Par sa position géographique, les Fidji sont exposées aux ouragans. En février 2016, elles ont été touchées par ce qui était alors le plus puissant cyclone jamais enregistré, baptisé Winston. Son passage a fait plus de 20 morts et des dégâts matériels considérables. Cette catastrophe des Fidji est là pour rappeler que pareil phénomène peut se produire à La Réunion. En 1948, notre île a subi un cyclone qui fit plus de 200 morts. À cette époque, La Réunion comptait 250.000 habitants, Saint-Gilles les Bains se résumait à quelques maisons, et le béton n’avait pas encore recouvert une partie des zones montagneuses. De Winston il sera question, tout comme les autres cyclones tropicaux très intenses de ces dernières années qui font réfléchir à la création d’une nouvelle catégorie pour classer ces phénomènes. C’est ainsi qu’à Saint-Martin et Saint-Barthélémy, l’alerte rouge était dépassée, l’alerte violette a été déclarée.

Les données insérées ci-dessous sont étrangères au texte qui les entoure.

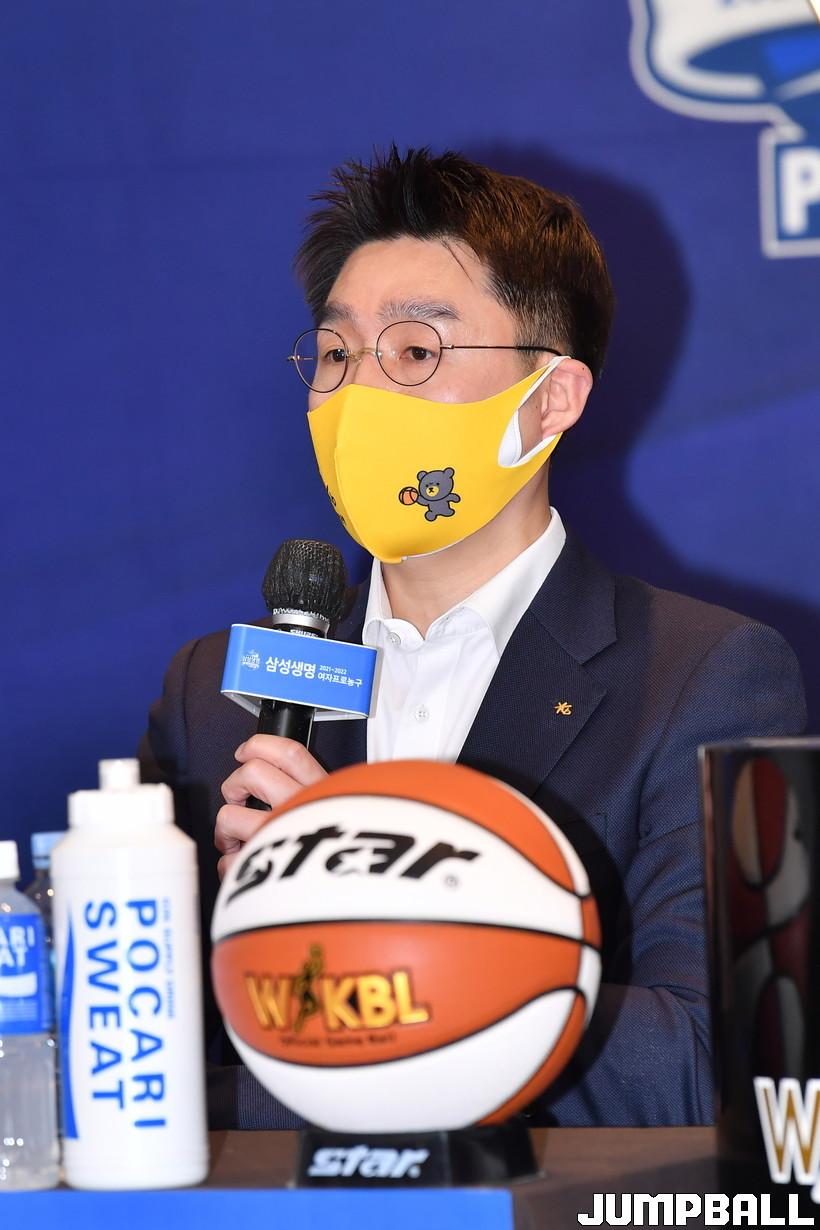 28일 서울 여의도 63컨벤션센터 4층 라벤더&로즈마리홀에서 열린 '삼성생명 2021-2022 여자프로농구 플레이오프 미디어데이', KB 김완수 감독이 출사표를 전하고 있다.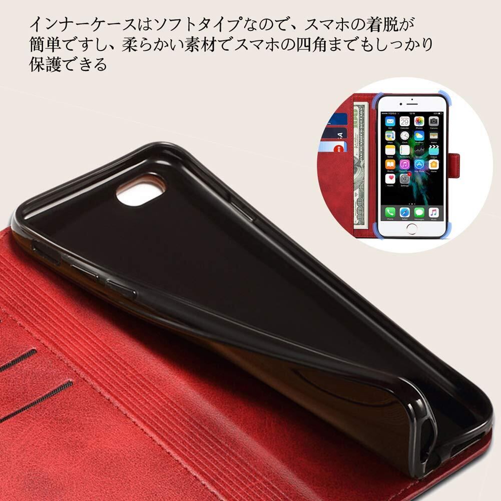 手帳型ケース 外部のカバーは合皮レザー素材を採用しており、放熱性や耐衝撃が良く、傷や埃を防ぐことができるiPhone7カバーです。インナーケースは弾力性のあるソフト素材を採用しており、角までしっかり保護できるiPhone8ケースです。

Par ailleurs, comme toutes les îles, celles des Fidji doivent également se préparer aux conséquences de la montée du niveau de la mer.

En choisissant d’attribuer aux îles Fidji la présidence de la conférence internationale sur le climat, les Nations-Unies ont décidé de mettre au premier plan les pays qui sont en première ligne face aux effets du changement climatique. La Réunion en fait partie.

J.B.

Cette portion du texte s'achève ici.